Ensuite j’avais rendez-vous avec Annie-Claude Moresmau pour réaliser avec elle une topographie humaine d’un espace commun. Un tournage bien agréable et instructif qui poursuit le tissage des liens entre les films, entre les gens, entre les années.
En fin d’après-midi, Maurice Gassie est très gentiment passé au local pour m’apporter les informations que je lui avais demandées sur le kiosque et l’histoire de Montpribat. Ces informations feront partie de son prochain livre sur Montfort qui paraîtra en mars 2023 normalement.
Et enfin, avec certain.e.s jeunes du Conseil Municipal des Jeunes de Montfort, nous avons poursuivi l’élaboration du film débuté avec eux en octobre dernier. Tournage à la nuit tombée, les pieds dans la boue, à la fontaine des 100 marches et sur le stade d’entraînement. René, membre du conseil municipal et accompagnateur, se demande bien comment nous allons pouvoir faire un film cohérent avec tous ces plans inventés par les jeunes. Pour ma part, je veille, et je sais que nous arriverons à un film intéressant au final. Je ferai tout pour que ce soit le cas car je suis ravie de travailler la microscopique avec ces jeunes adolescent.e.s qui contribuent à la vie du village au même titre que les adultes.
De façon plus générale, cette semaine, je sens que je suis dans ma dernière ligne droite, je resserre mes demandes, cible les manques pour certains films, suis contrainte de refuser certains sujets que je n’aurai pas le temps de traiter et tente de clôturer cette présence extérieure en douceur.
Difficile pour les Montfortois.e.s de comprendre que la microscopique ne cherche pas à être exhaustive ni “publicitaire”, qu’elle fait avec ce qui est là au moment T. C’est une partie qui raconte “un peu” du tout mais vraiment un peu. Et déjà ce “peu” fait que je fais exploser le temps imparti de la résidence qui était censée s’arrêter le 18 décembre. Or, les montages de la vingtaine de films en cours vont m’occuper à plein en janvier. Ce n’est pas très raisonnable mais je déteste laisser les films rêvés inachevés et ne pas tenir les engagements tacites que j’ai passés avec chaque personne filmée.
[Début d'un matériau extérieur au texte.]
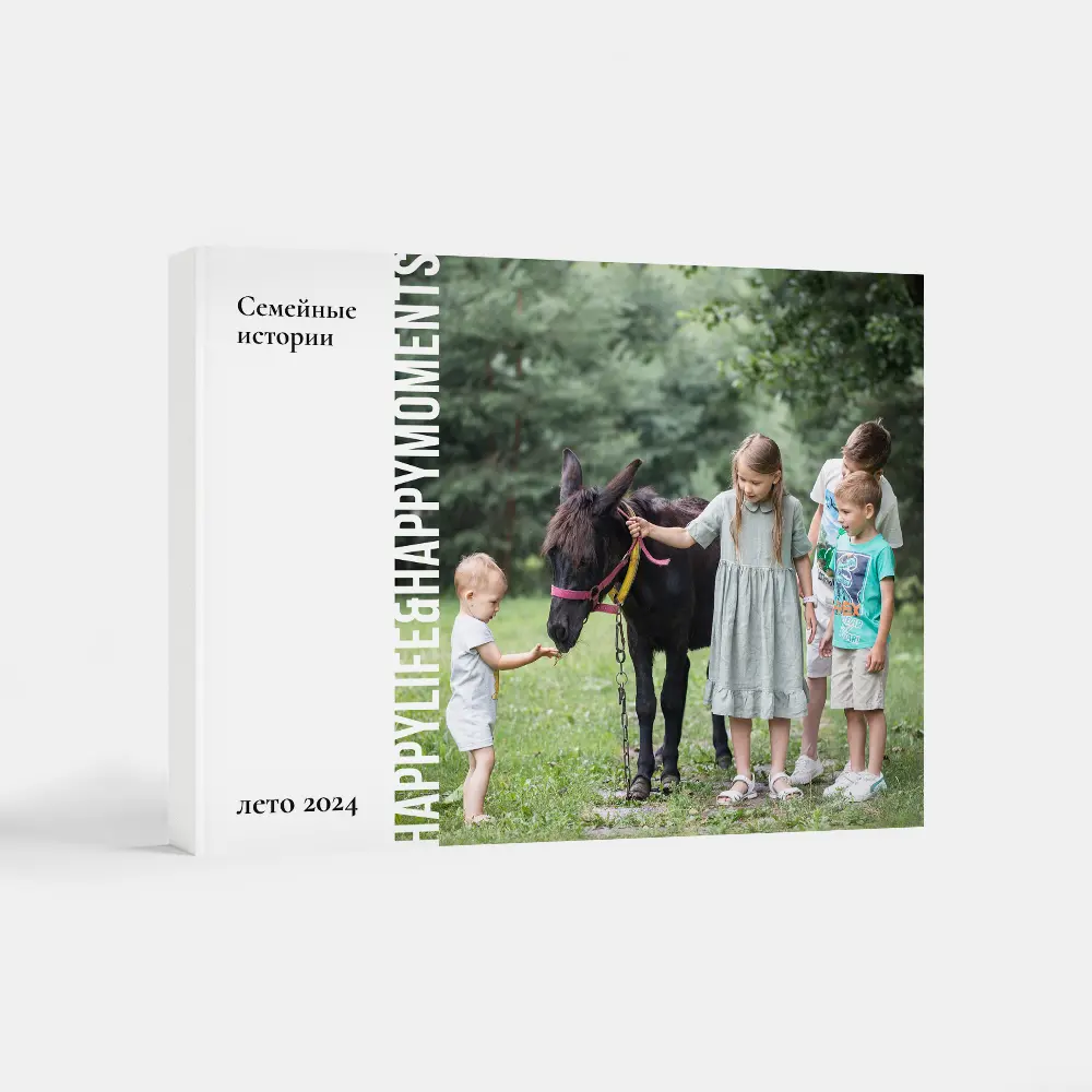 Фотокнига с фотообложкой горизонтального формата для пейзажей, семейных фото и праздников. Если у вас большой количество панорамных снимков, то фотокнига такого формата соберет их идеально.

Je suis frappée par les langues qui se délient, en off, sur la complexité du réel de Montfort (et d’ailleurs). En creux, j’en déduis que ce qui a été dit “face caméra” est une réalité un peu “nettoyée” des aspérités de la vie. La relation de confiance en documentaire demande toujours plus de temps, même si j’ai eu la chance de faire une “résidence longue”, elle est encore trop courte.